All rentals made via Antlos involve sailing with the captain, allowing travelers to experience a Mediterranean or Caribbean cruise with a true local. More than 300 captains have listed their boats on the site to date, says Lauren Schmitt, the company's Digital Marketing Manager.
Shiroube meanwhile is a micro tour guide marketplace covering 3,000 cities worldwide. The site specializes in connecting travelers with local residents who serve as inexpensive guides, allowing visitors to get to know a city or town's local scenes, and activities.
"On Shiroube, you hire actual local people for your travel needs," says Shiroube founder and CEO Tatsuo Sato. "For example, you can ask a local art student in Paris to be a tour guide for your stay. Since the student knows truly local tastes and life, your stay is going to be much more unique and fun."
Another fascinating and unique variation of this proliferating trend is offered by TalkTalkBnb. Launched in March 2015, TalkTalkBnb's goal is to connect travelers with hosts who want to learn a second language.

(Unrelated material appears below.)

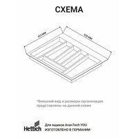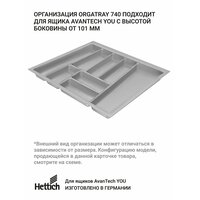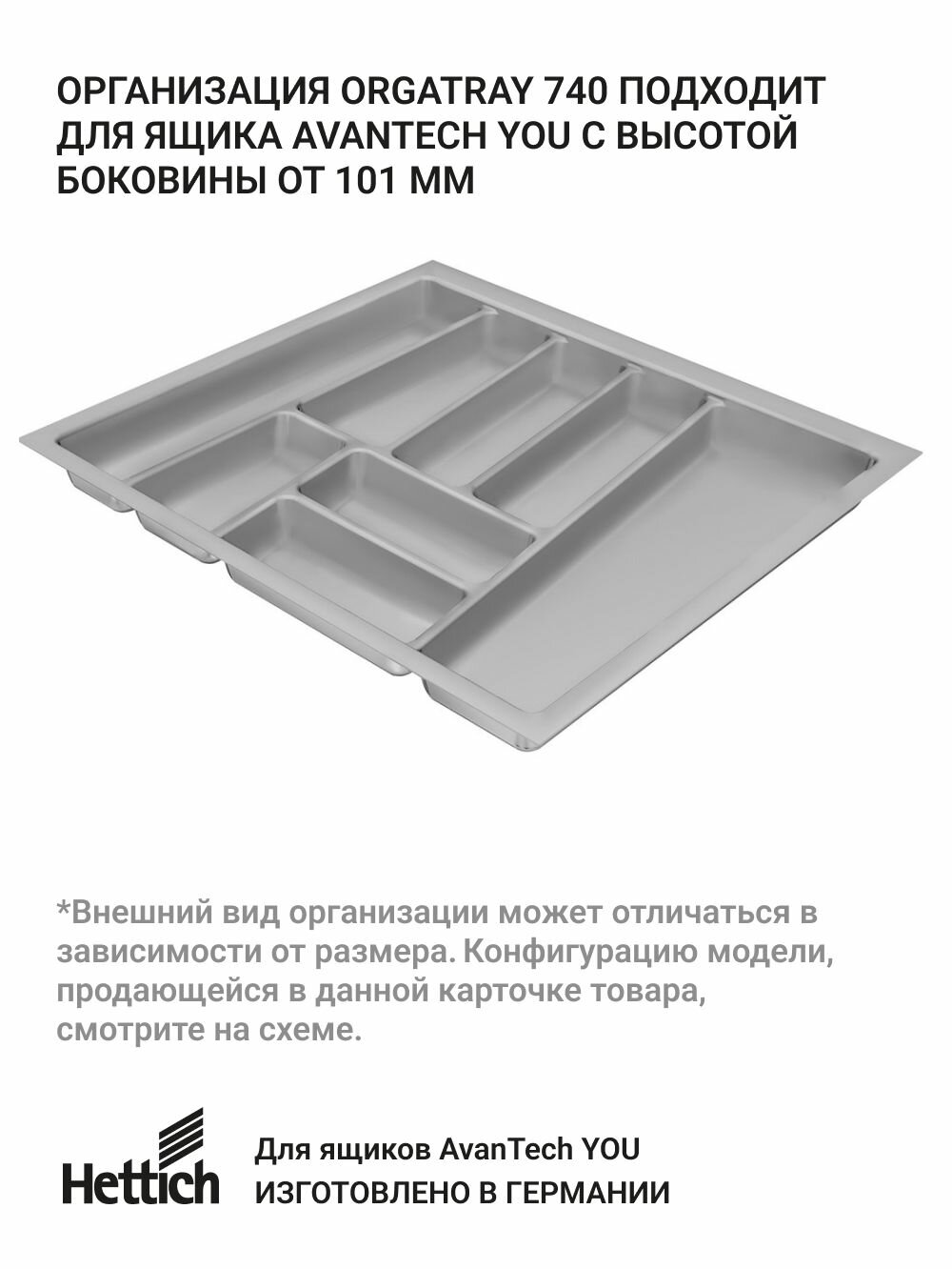 Hettich OrgaTray 740 подходит для ящика AvanTech YOU с высотой боковины от 101 мм. Для стандартной ширины корпуса, для толщины боковины 16 мм.

The platform allows travelers to cut expenses by providing free boarding in a foreign country in exchange for the traveler teaching their native language to whomever they stay with.
"TalkTalkBnb allows people to be more than just tourists and only sightsee," said Daphne Duong, who represents the startup. "They're able to gain a much more immersive experience through teaching the host their native language. By using language as a tool, travelers and hosts share stories, cultures, food, and more...strong cross-cultural relationships are built and fostered."
One last point worth noting, if you think the trends Levine outlined are just fleeting or temporary changes in the travel industry, think again.
It is merely the beginning.
"These are trends that will be with us for the rest of our careers," Levine said. "Where will these trends be in five years? They will be more intense. Trends have inertia. When they start going, it's hard to stop them. If these trends were only flashes in the pan, they wouldn't be trends; they would be fads."